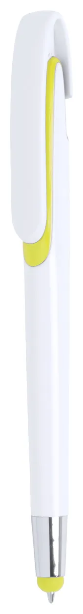 Plastic ballpoint and touch screen pen with coloured decoration. With blue refill.
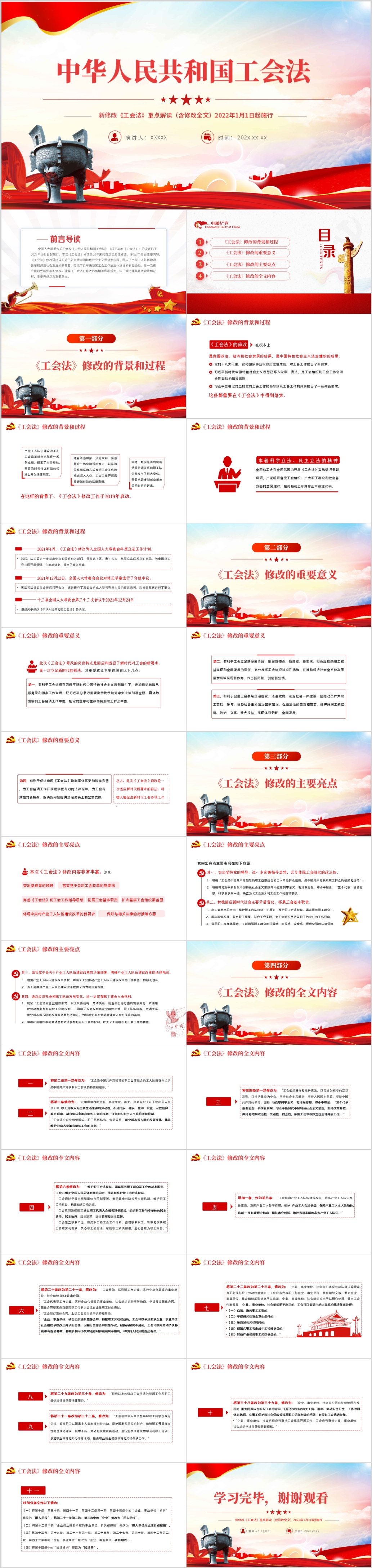 2022年新修订中华人民共和国工会法PPT模板(内含
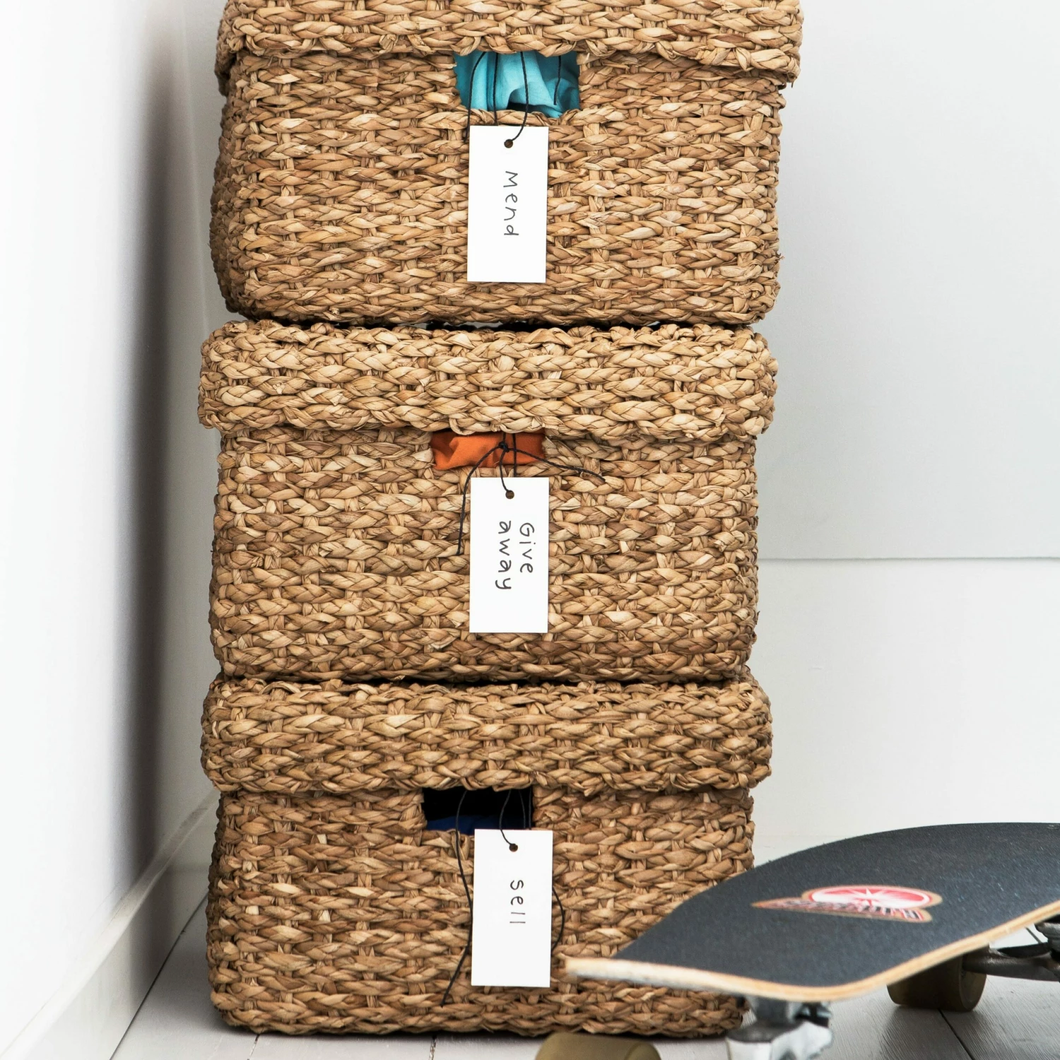 Rechteckiger Korb mit Griff aus dem Naturmaterial Abaca, handgefertigt auf den Philippinen. Die Abacafasern stammen von dem gleichnamigen Baum, auch Manilahanf genannt, aus der Gattung der Bananenpflanzen. Die widerstandsfähigen Fasern werden in der Sonne getrocknet und dann zu Körben in verschiedenen Modellen verarbeitet. Es dauert ca. 1,5 Tage einen Korb herzustellen. Das Familienunternehmen auf den Philippinen versorgt ca. 2500 Familien, die entweder direkt in der Herstellung arbeiten oder die Produzenten der Rohmaterialien Abaca oder Bast sind. Die Fabrik liegt 50 km südlich von Manila.

= = = = =

Task statement
Only the lines from the first line of the data above through the line with "2022年新修订中华人民共和国工会法PPT模板(内含" should appear in the answer, retyped exactly, with every picture left out.

Response to this task
 Plastic ballpoint and touch screen pen with coloured decoration. With blue refill.
 2022年新修订中华人民共和国工会法PPT模板(内含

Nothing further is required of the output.